(DATA)
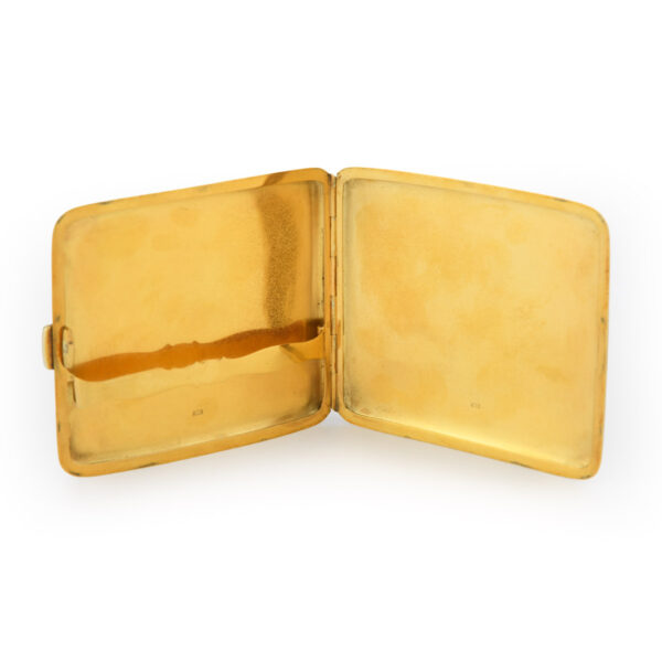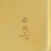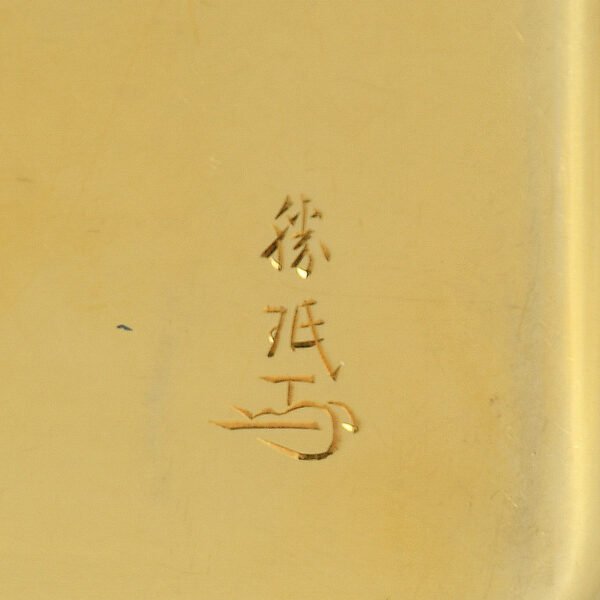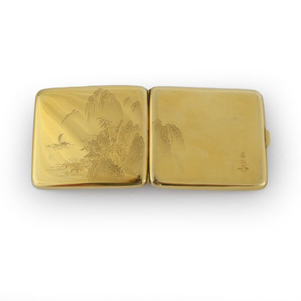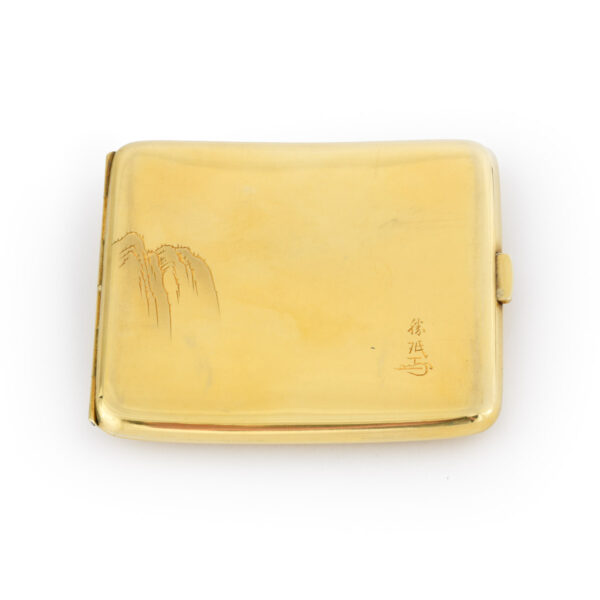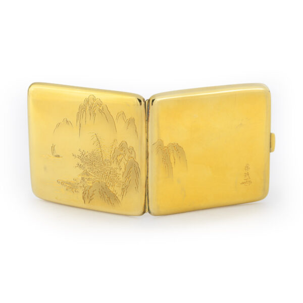 As part of our Japanese works of art collection we are delighted to offer this incredibly rare Meiji Period (1868-1912) pure gold cigarette case by arguably the most famous metalworker of the period, Unno Shomin 1844-1915. Here Shomin has skilfully chiselled a scene of a boat upon a lake within a mountainous backdrop, to the shore a pavilion rests upon a rocky outcrop beneath the pine trees. Shomin has utilised angled chisels in a technique refered to as Katakiribori to simply represent ink brush painting. The case comes complete with its original retailers box with a label that translates to a shop in Tokyo called Sanoya, Nihonbashi Ningyo-cho Telephone: (66) 0481. An incredibly rare example of gold metalwork from one of only a handful of luminary Imperial metalworkers of the period.
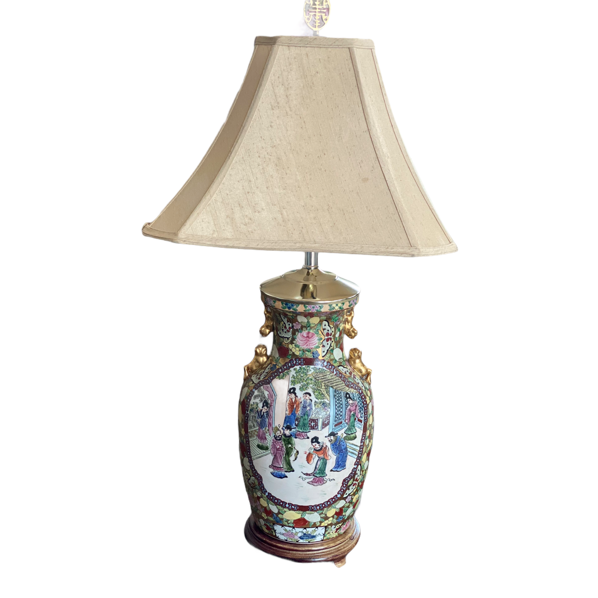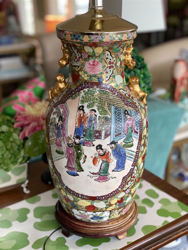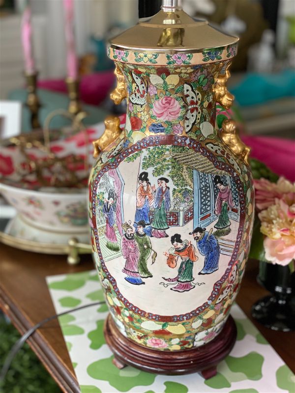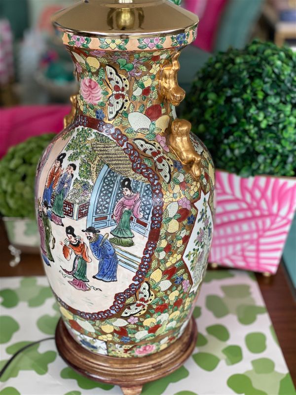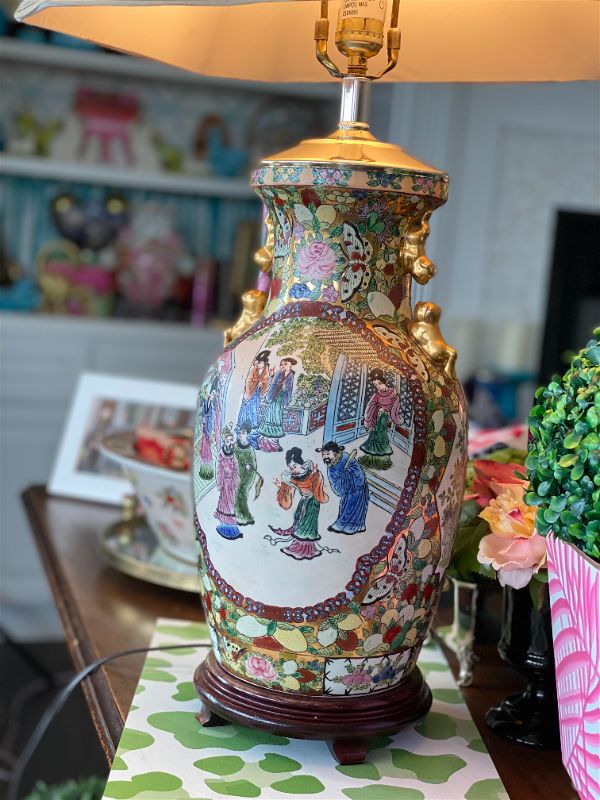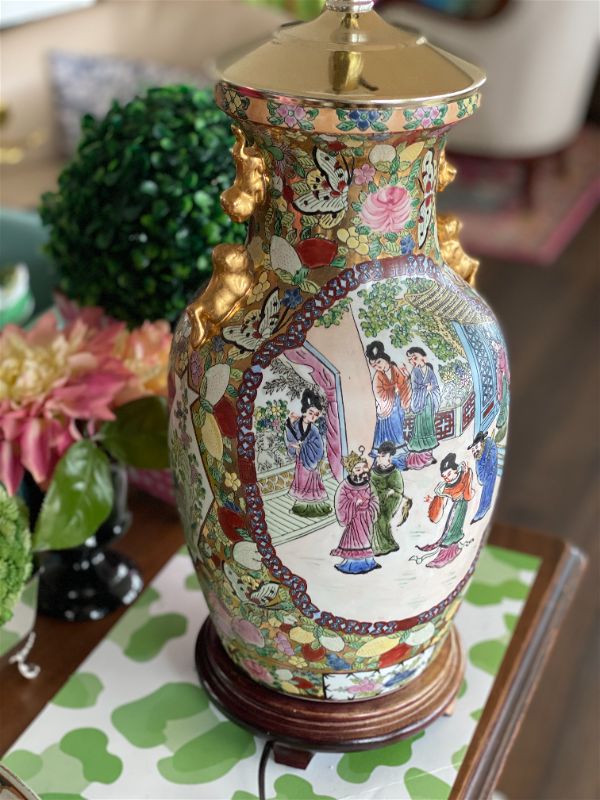 Bold and bright colors decorate this amazing vintage Famille Rose Medallion Lamp. Gold detail, Shade is optional. Pretty Asian style brass finial. Handpainted scene of geisha ladies in a garden. Wooden base. Nuce size for end table bedside table. Great vintage condition. See picture details as they are part of the description.
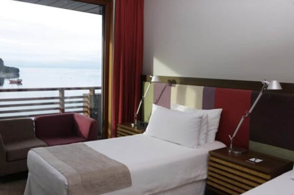 Las habitaciones se encuentran armoniosamente ubicadas frente al lago Llanquihue, con una hermosa vista a la bahìa, pero se ve que no han sido remodeladas en bastante tiempo. Las alfombras se ven algo sucias y la calefacción/aire acondicionado presentó problemas durante nuestra estadía, la pieza estaba extremadamente caliente. El estacionamiento es muy pequeño, incluso vimos una camioneta que rompiò su antena y tuvo que retirarse. Finalmente, la comida del restaurante no es de buen nivel, bastante estándar, así como el desayuno. Se ve que falta personal en el lugar, las filas de espera para la comida, etc, son muy largas y lentas. El personal es muy atento y tiene muy buena actitud, lo que soluciona bastante de la mala experiencia por las instalaciones.
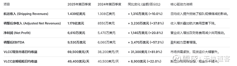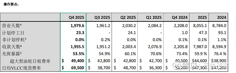 •2025年第四季度,该公司日均综合租船等效收益达60,300美元,其中:在现货市场运营的超大型油轮(VLCC)日均收益69,500美元,定期租船的VLCC日均收益49,400美元。
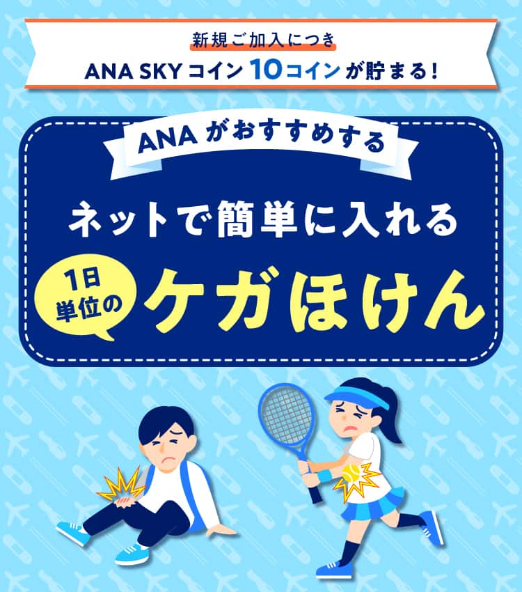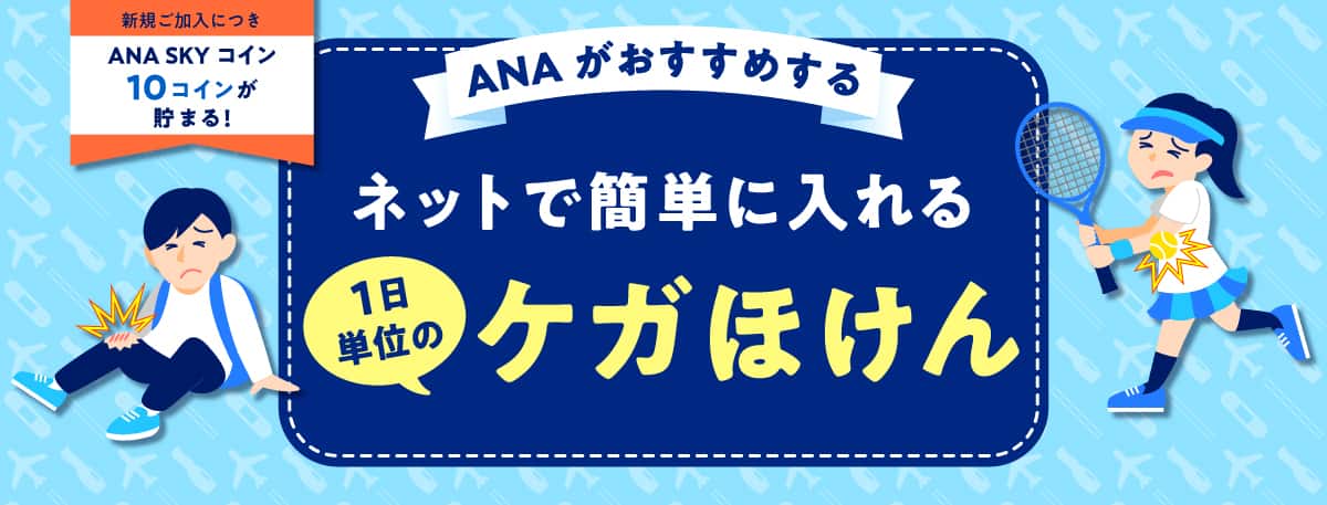 ケガほけん(1日単位加入)・スポーツほけん(1日単位加入)・レジャーほけん(1日単位加入)・ゴルフほけん(1日単位加入)の新規ご加入でANA SKY コイン10コインが貯まります。
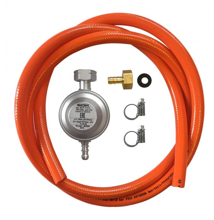 Газові грилі та обігрівачі виробництва компанії Enders завжди комплектуються всім необхідним для максимально простого монтажу, в тому числі шлангом і редуктором (регулятором тиску). Таким чином, для роботи газового обладнання Enders, Вам потрібен лише заправлений газовий балон. А для клієнтів, у яких є газова техніка інших виробників, які не укомплектована редуктором і шлангом, у нас є набори для підключення її до газових балонів. Редуктор для газового балона - це універсальний стабілізатор тиску, який є незамінною частиною газового устаткування. Тиск на виході з газового балона ненормований і залежить від різних чинників, тому між газовим обладнанням та газовим балоном, сполученим газовим шлангом, ставиться редуктор (регулятор тиску газу). Більшість газових приладів працює на фіксованому тиску і для того, щоб тиск газу на виході з балона відповідало тиску на вході в пристрій, ставиться газовий редуктор, що знижує тиск до необхідного рівня. Процес монтажу відбувається без особливих складнощів за допомогою хомутів, що входять в комплект набору. Набір комплектується також штуцером з різьбою. Редуктор володіє виходить рівнем тиску в 30 мбар. Важливо, щоб виходить тиск редуктора відповідало необхідному тиску газового приладу, що, як правило, описано в технічної документації, що поставляється разом з обладнанням.
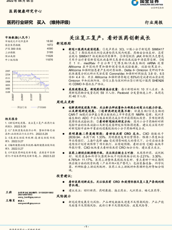 【国金证券】【20220605】医药行业研究:关注复工复产,看好医药创新成长-23页 行业研究
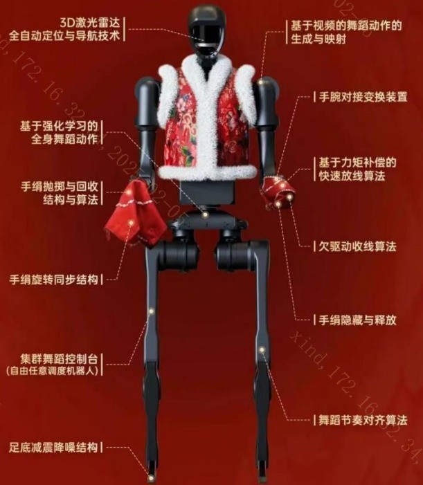 算力是机器人“思考”的基石。在复杂场景中,机器人需实时处理海量数据,例如春晚《秧BOT》的16台机器人需同步完成SLAM定位、动作映射和队形变换,每秒运算量高达数万亿次。这一过程依赖高性能计算芯片(如GPU、ASIC)和分布式计算架构的支持。由于抛手绢结构复杂,因此手腕对接变换装置,同时加入了基于力矩补偿的快速放线算法、手绢抛掷与回收结构与算法、欠驱动收线算法、舞蹈节奏对齐算法、手绢旋转同步结构等,实现了春晚“秧歌舞”的精彩表演。算力的持续升级,为机器人从“执行指令”向“自主决策”演进提供了底层保障。
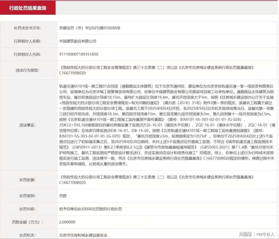 中国建筑因北京地铁M101线施工监测违规被罚款2万元

(AIM OF THE TASK) Set down the records above exactly as written, beginning with the first line and ending with the line that contains "Bold and bright", and do not include pictures.

(WRITTEN ANSWER)
 As part of our Japanese works of art collection we are delighted to offer this incredibly rare Meiji Period (1868-1912) pure gold cigarette case by arguably the most famous metalworker of the period, Unno Shomin 1844-1915. Here Shomin has skilfully chiselled a scene of a boat upon a lake within a mountainous backdrop, to the shore a pavilion rests upon a rocky outcrop beneath the pine trees. Shomin has utilised angled chisels in a technique refered to as Katakiribori to simply represent ink brush painting. The case comes complete with its original retailers box with a label that translates to a shop in Tokyo called Sanoya, Nihonbashi Ningyo-cho Telephone: (66) 0481. An incredibly rare example of gold metalwork from one of only a handful of luminary Imperial metalworkers of the period.
 Bold and bright colors decorate this amazing vintage Famille Rose Medallion Lamp. Gold detail, Shade is optional. Pretty Asian style brass finial. Handpainted scene of geisha ladies in a garden. Wooden base. Nuce size for end table bedside table. Great vintage condition. See picture details as they are part of the description.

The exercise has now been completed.